» **Work to be completed**:
Word for word, reproduce the listing that follows, excluding any pictures it contains.

----- Source data -----

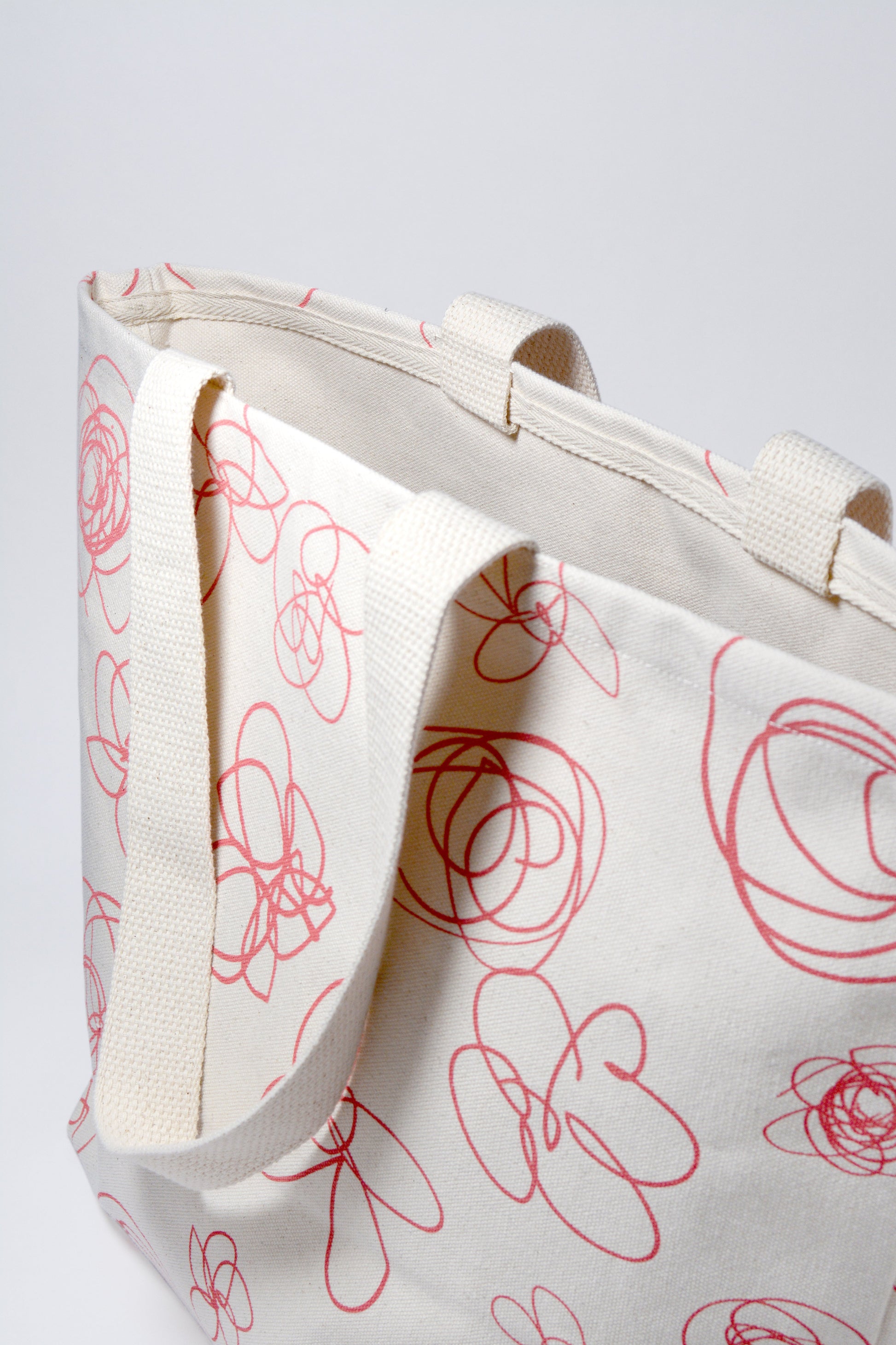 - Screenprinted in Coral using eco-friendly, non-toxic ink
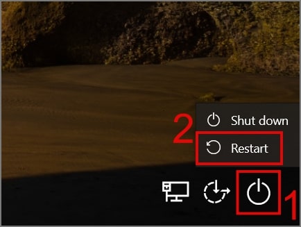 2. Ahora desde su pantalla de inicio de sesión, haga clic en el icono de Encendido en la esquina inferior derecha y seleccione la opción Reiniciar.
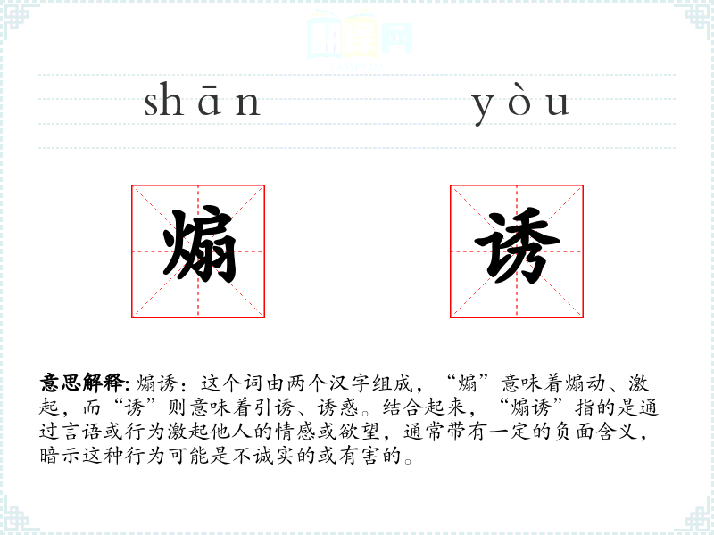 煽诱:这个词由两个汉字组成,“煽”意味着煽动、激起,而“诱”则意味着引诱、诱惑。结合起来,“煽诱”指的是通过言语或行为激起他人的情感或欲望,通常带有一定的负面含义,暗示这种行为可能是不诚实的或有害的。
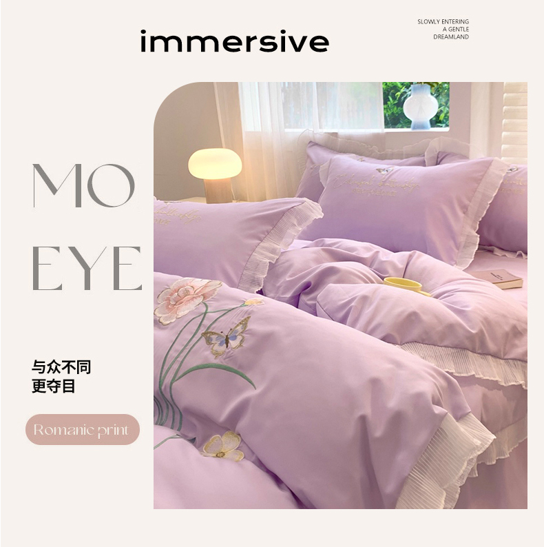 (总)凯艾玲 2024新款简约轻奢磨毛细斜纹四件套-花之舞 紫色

-----

» **Output of the task**:
 - Screenprinted in Coral using eco-friendly, non-toxic ink
 2. Ahora desde su pantalla de inicio de sesión, haga clic en el icono de Encendido en la esquina inferior derecha y seleccione la opción Reiniciar.
 煽诱:这个词由两个汉字组成,“煽”意味着煽动、激起,而“诱”则意味着引诱、诱惑。结合起来,“煽诱”指的是通过言语或行为激起他人的情感或欲望,通常带有一定的负面含义,暗示这种行为可能是不诚实的或有害的。
 (总)凯艾玲 2024新款简约轻奢磨毛细斜纹四件套-花之舞 紫色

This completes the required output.